Saturday, June 30, 2012


In the past month , I have done very little physically. I have enjoyed the relaxing easy days of non activity. I have gained weight . I have become lazy.

I have not been motivated to get back into training. It doesn't happen only to me. Macca wrote in the Triathlete magazine (June Issue) it happens even to the Pros. Having said that , the countering point in tipping the balance , is that , it is a job and they get back on the Horse fairly quickly.It ain't easy for anyone. I have found it tough as I gear myself for the start of my return to training and a much more time managed daily routine.

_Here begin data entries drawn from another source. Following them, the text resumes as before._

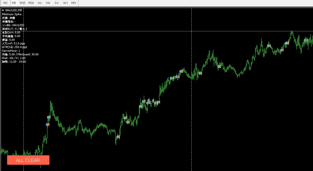 Minimum Spike GOLD は、GOLDの短期的な反発局面を狙うMT4専用EAです。
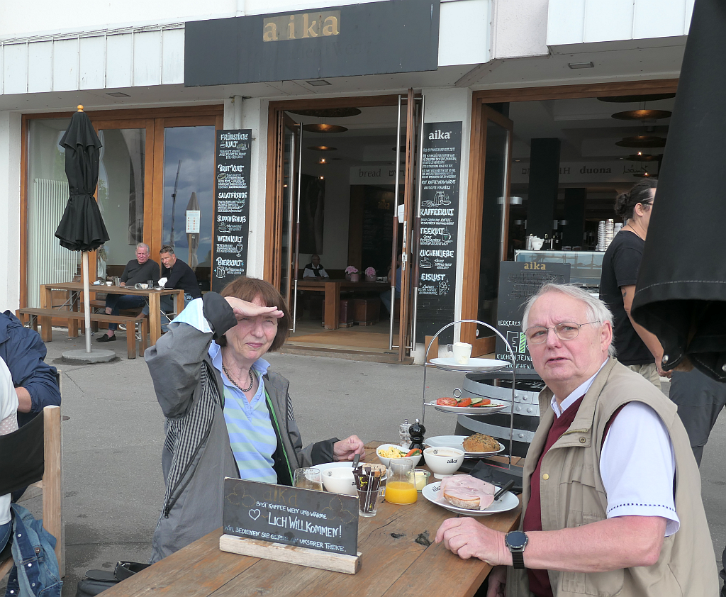 Zum ersten Mal in diesem Jahr: Sonnenfrühstück bei aika Im Hintergrund der Chef |
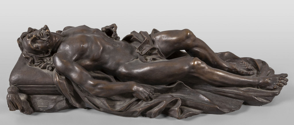 Cristo deposto scultura in bronzo a patina scura inizi sec.XIX
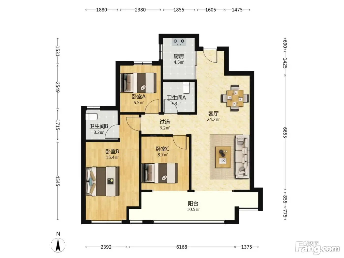 户型齐全,主打南北通透,采光充足三居

Like an Ironman , It starts with the first step. I have learnt by past errors, Motivation will wax and wane but developing habits is the key. It is a slow process and one where life's pressure s will interrupt with many unforeseen daily interruptions. Managing and not fretting too much are key to a balance , successful result.

It was never meant to be easy. For me its like losing weight it is slow and very hard. It does come from sheer repetition and developing good habits. As I start this journey , it does not mean lounging around and having a period of no activity was bad.I think it was necessary to maintain balance and longevity in this sport .It was essential for the body to heal as well.It has meant nearly four months of very little swimming and it shows in my fitness in the pool .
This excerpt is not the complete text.